Netflix (NASDAQ:NFLX) stock has experienced a notable decline from its recent highs, currently trading at $374.31 as of October 6. This is well below its September 11 peak of $445.36 and the year-to-date high of $477.59 on July 19. However, the stock’s current valuation offers an attractive opportunity for value investors.
Investors have high expectations for Netflix’s upcoming third-quarter results, set to be released on October 18. This optimism stems from the company’s substantial free cash flow (FCF), which could have a positive impact on the stock. One strategy that could be considered, particularly for income-oriented investors, is selling short out-of-the-money (OTM) put-and-call options with near-term expiration periods.
Netflix’s Impressive Free Cash Flow
Netflix’s impressive FCF was highlighted in a previous article on September 15. In the first half of 2023, Netflix generated over $3.46 billion in FCF, with Q1 contributing $2.117 billion and Q2 contributing $1.339 billion. Comparatively, in the same quarter the previous year, Q3 FCF was just $472 million. Therefore, any Q3 FCF figure above $1.0 billion would signify significant progress, especially in light of new pricing strategies and potential disruptions from actors’ and writers’ strikes.
Additionally, analysts are closely monitoring Netflix’s FCF margins. Last quarter, these margins exceeded 21% for the first six months of the year. This metric is vital because if Netflix maintains or increases these margins, it could drive the stock’s upward trajectory.
Analysts’ projections for Netflix’s revenue next year indicate a growth of over 13% to $38.23 billion. By applying the 21% margin to this forecast, the expected FCF for the year could reach $8.0 billion.
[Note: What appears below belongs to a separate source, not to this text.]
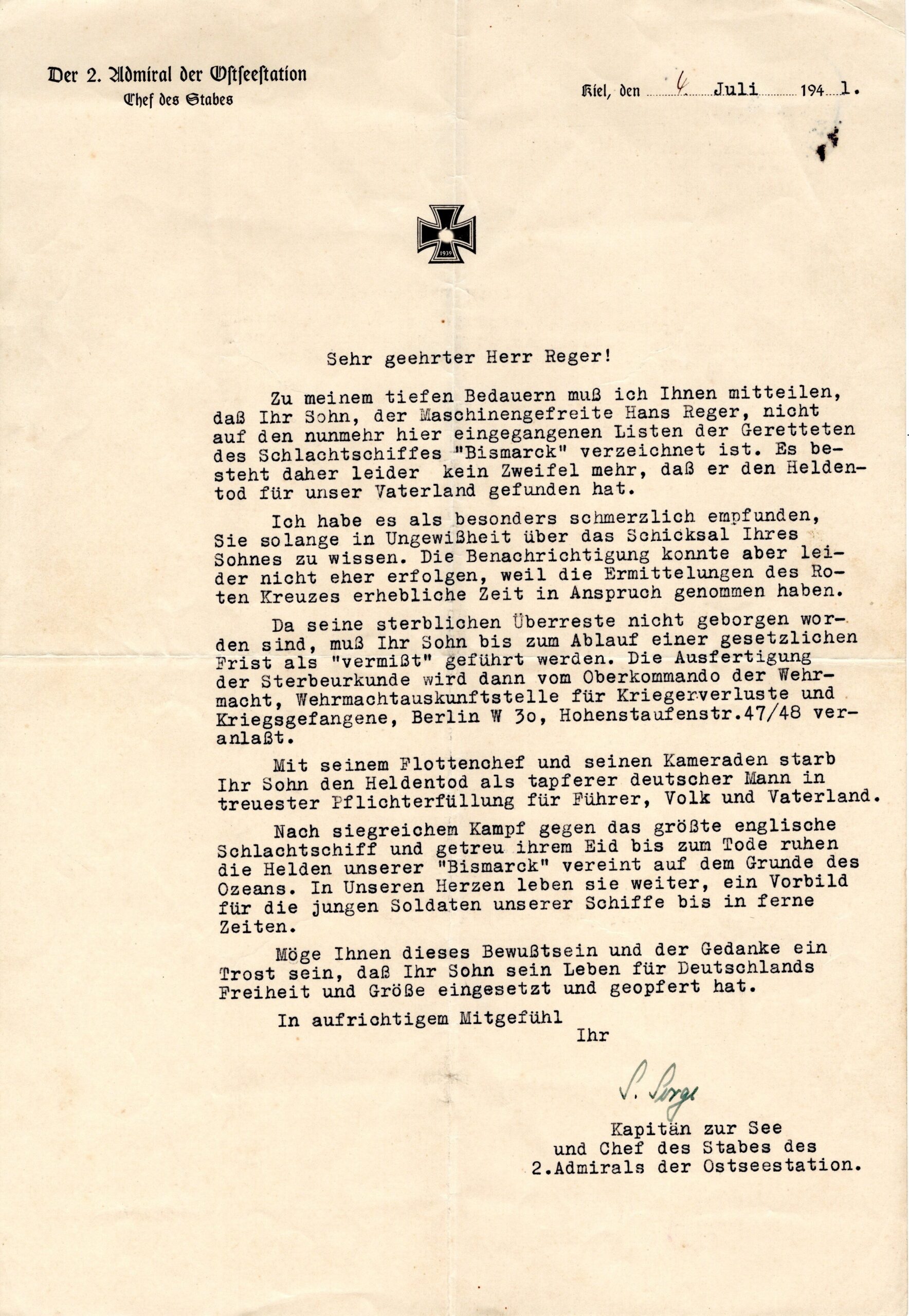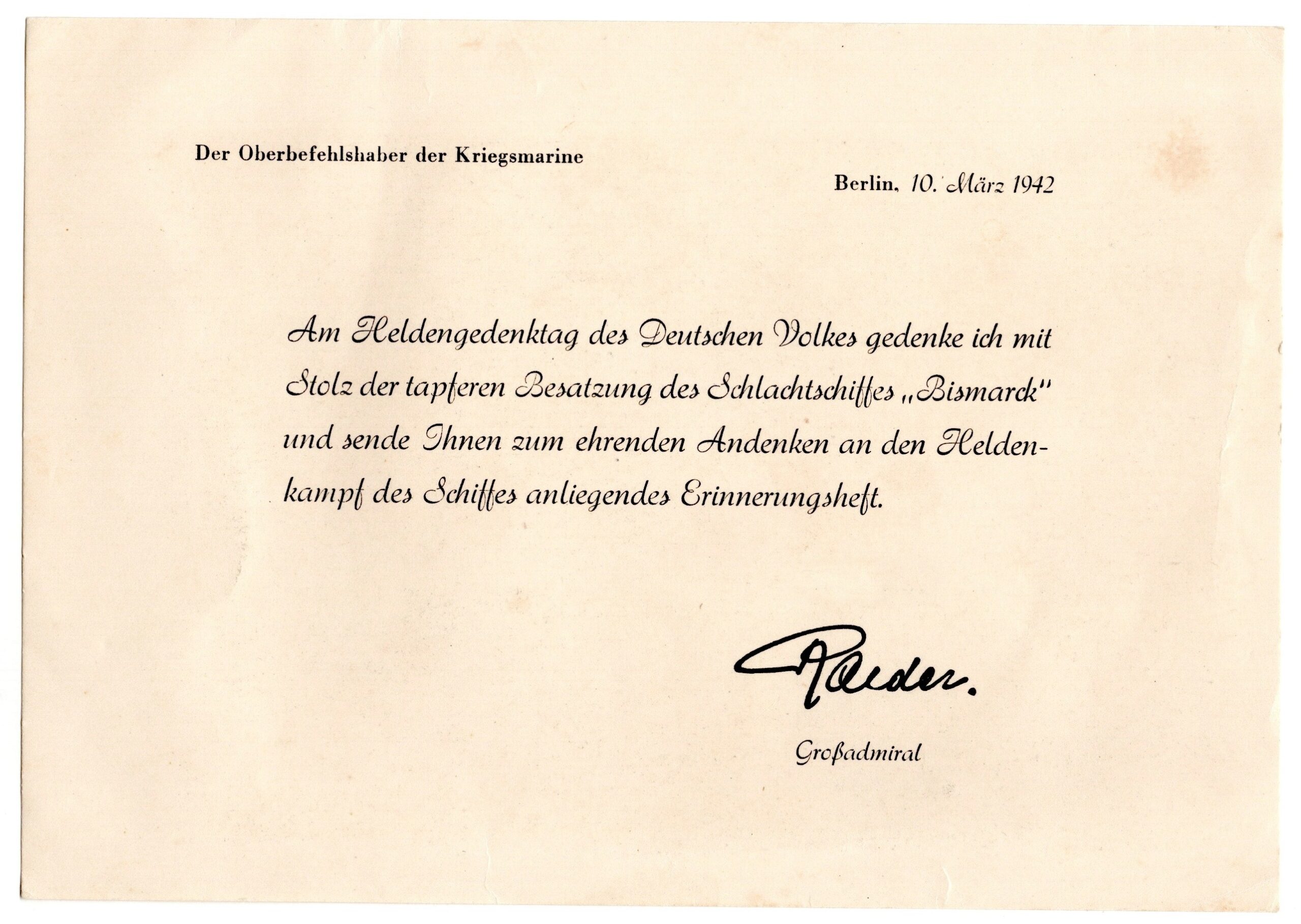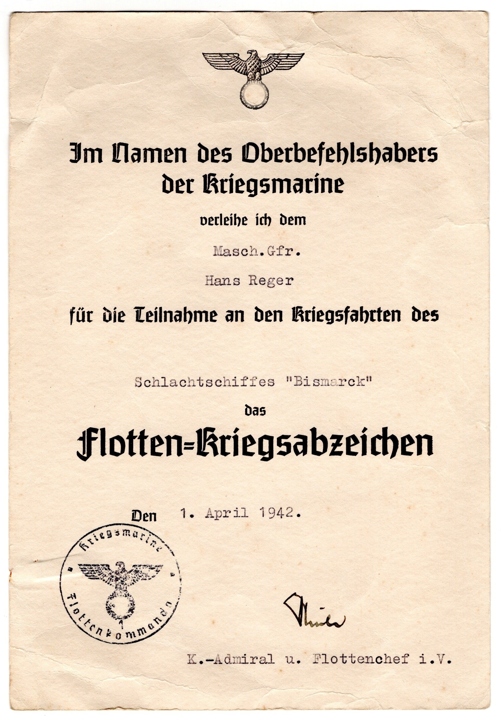 Schlachtschiff Bismarck – Sehr seltenes Originaldokumente eines Besatzungsmitglieds

With a 4.0% FCF yield, Netflix’s market capitalization could expand to $200 billion, potentially representing a more than 20% increase from its current market cap of $166 billion. This implies a stock value of over $451 per share.
Generating Income Through Shorting OTM Put and Call Options
Investors looking to generate income can consider selling short OTM put and call options. For example, they can sell OTM call options, such as the October 27 call options with a $405 strike price, currently trading at $8.28. This allows investors to earn a 2.19% covered call yield with just three weeks to expiration. If the stock reaches the $405 strike price and the investor has to sell their shares at that price, they retain an additional 7.85% realized gain, resulting in a total potential return of 10%.
Alternatively, investors can explore $400 call options trading at $9.70, offering a 2.57% covered call yield over three weeks and a potential 6.52% realized gain or a total potential return of 9.09%.
Another strategy is to sell OTM put options as the October 27 puts with a $350 strike price, trading at $9.35 per put. This provides a higher yield of 2.67%, as the investor only needs to risk $350 per contract. Unlike covered calls, put sellers have no obligation to purchase stock, even if the stock’s price decreases.
In summary, Netflix’s stock appears poised for growth, making it a favorable choice for value investors. Selling either covered calls or cash-secured puts could be suitable strategies for income-minded investors seeking to capitalize on this opportunity.